**RECORDS FOR PROCESSING**
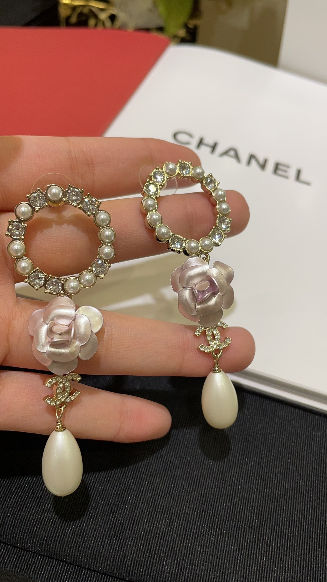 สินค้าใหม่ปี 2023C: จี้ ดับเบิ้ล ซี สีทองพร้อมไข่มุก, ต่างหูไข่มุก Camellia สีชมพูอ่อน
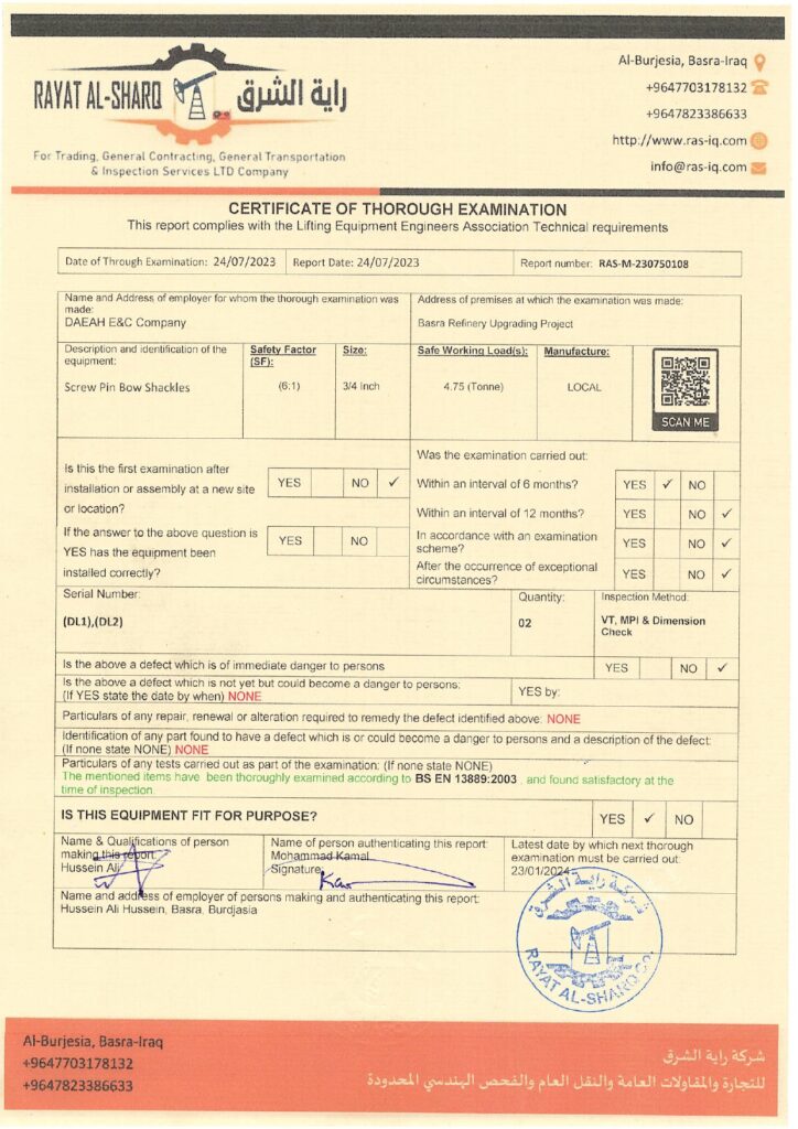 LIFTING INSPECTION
--
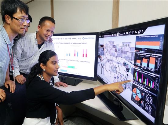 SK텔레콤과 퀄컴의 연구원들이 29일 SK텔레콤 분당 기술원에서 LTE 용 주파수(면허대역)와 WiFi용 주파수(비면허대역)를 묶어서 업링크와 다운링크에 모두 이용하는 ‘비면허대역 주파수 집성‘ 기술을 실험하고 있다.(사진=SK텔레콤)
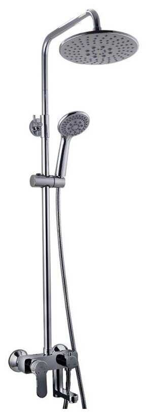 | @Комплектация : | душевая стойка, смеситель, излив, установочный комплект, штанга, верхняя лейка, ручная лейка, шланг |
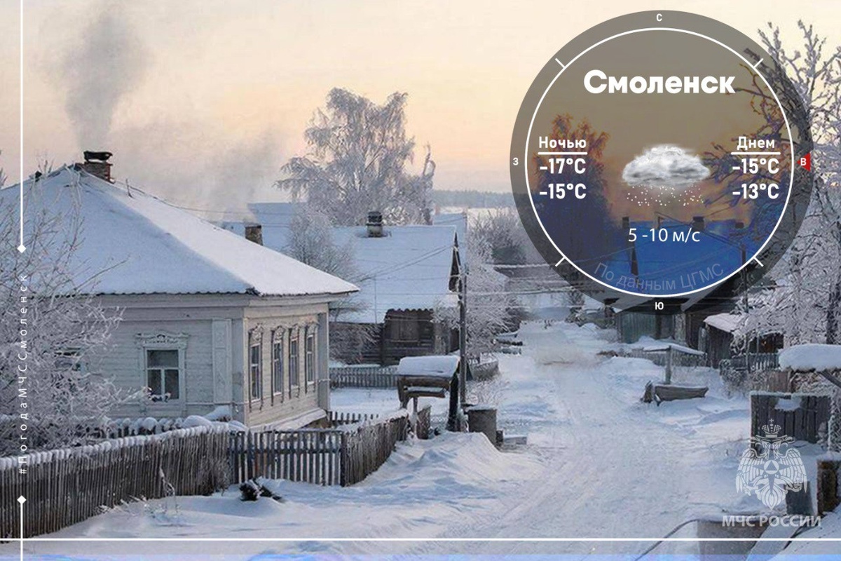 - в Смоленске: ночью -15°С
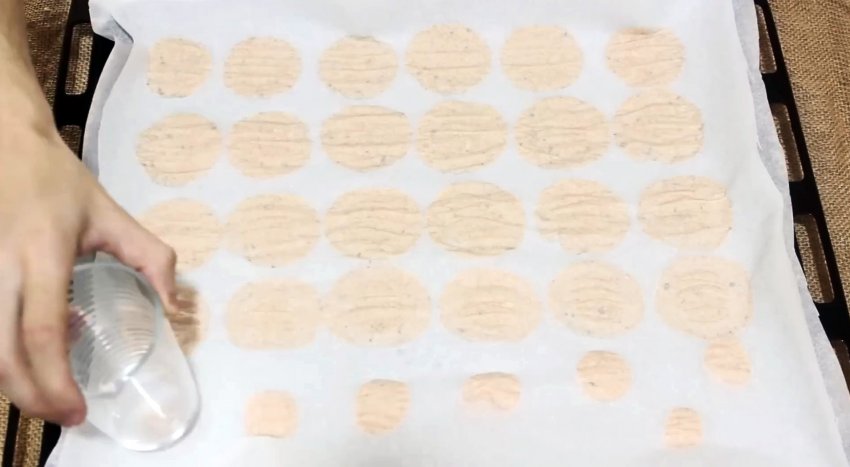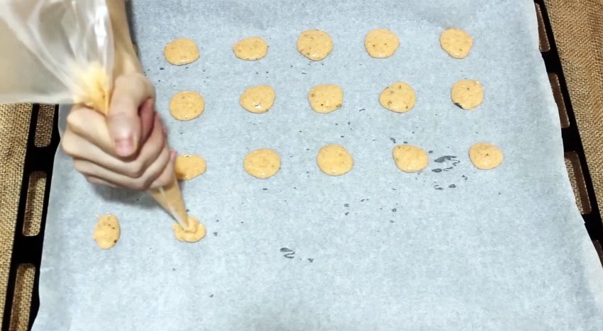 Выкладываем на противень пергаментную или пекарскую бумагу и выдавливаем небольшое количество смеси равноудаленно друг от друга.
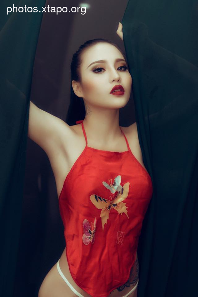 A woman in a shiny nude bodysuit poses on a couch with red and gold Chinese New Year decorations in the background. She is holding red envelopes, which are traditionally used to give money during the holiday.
==
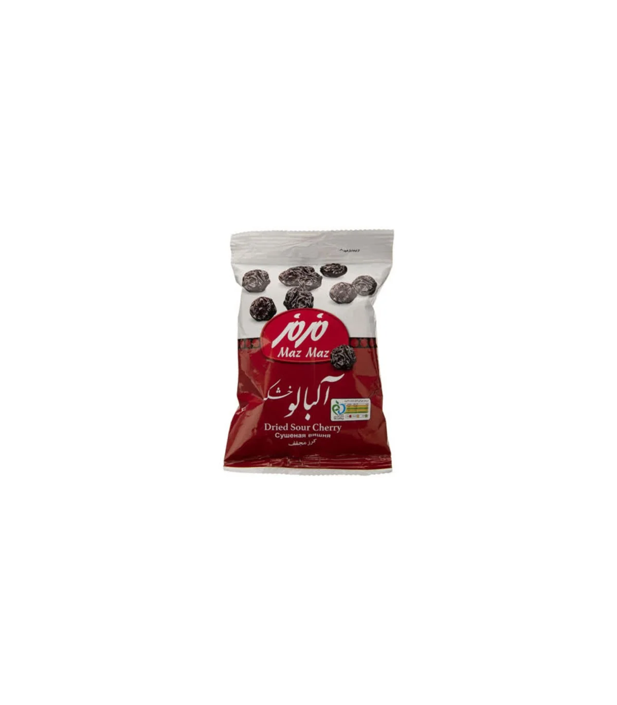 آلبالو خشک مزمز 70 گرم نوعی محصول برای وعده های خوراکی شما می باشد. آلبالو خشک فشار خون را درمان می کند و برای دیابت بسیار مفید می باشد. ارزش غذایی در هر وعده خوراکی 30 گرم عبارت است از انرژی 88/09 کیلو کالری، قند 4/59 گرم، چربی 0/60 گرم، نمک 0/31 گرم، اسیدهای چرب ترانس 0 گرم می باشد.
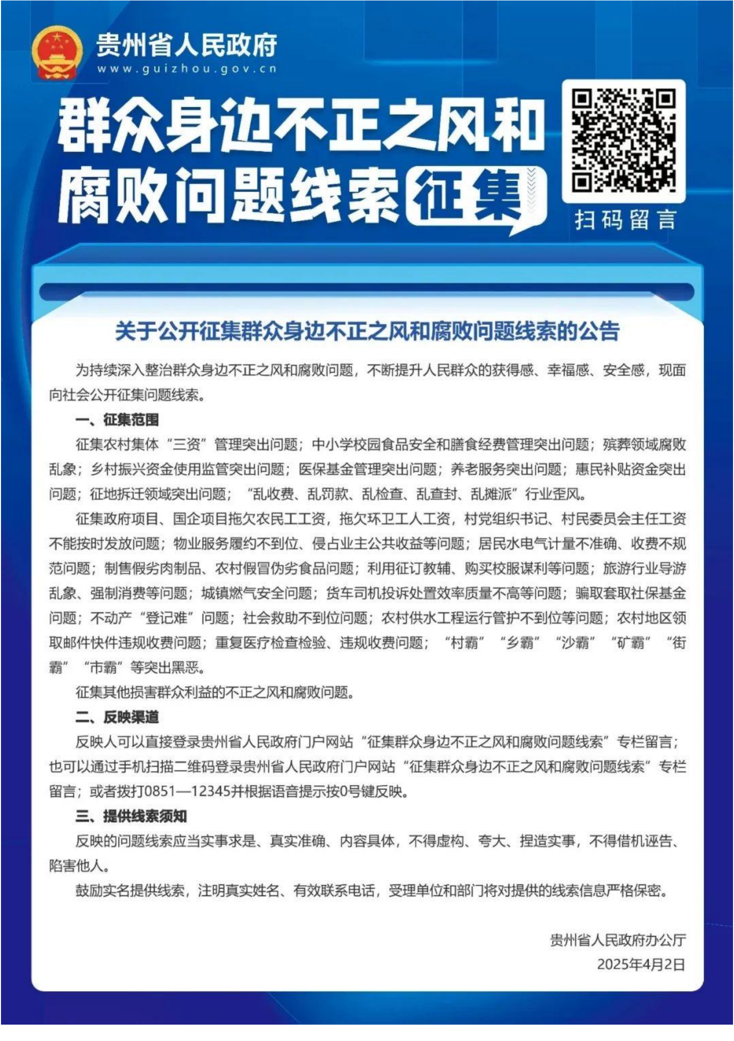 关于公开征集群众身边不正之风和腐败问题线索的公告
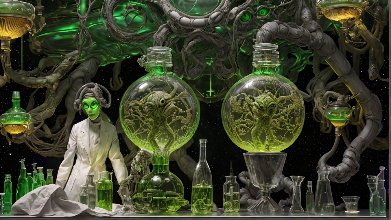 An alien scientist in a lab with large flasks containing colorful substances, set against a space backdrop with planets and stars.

**REQUIREMENT**
Reproduce exactly the lines above that run from the one with "آلبالو خشک مزمز" to the one with "An alien scientist", both included, leaving pictures out.

**FINISHED EXERCISE**
 آلبالو خشک مزمز 70 گرم نوعی محصول برای وعده های خوراکی شما می باشد. آلبالو خشک فشار خون را درمان می کند و برای دیابت بسیار مفید می باشد. ارزش غذایی در هر وعده خوراکی 30 گرم عبارت است از انرژی 88/09 کیلو کالری، قند 4/59 گرم، چربی 0/60 گرم، نمک 0/31 گرم، اسیدهای چرب ترانس 0 گرم می باشد.
 关于公开征集群众身边不正之风和腐败问题线索的公告
 An alien scientist in a lab with large flasks containing colorful substances, set against a space backdrop with planets and stars.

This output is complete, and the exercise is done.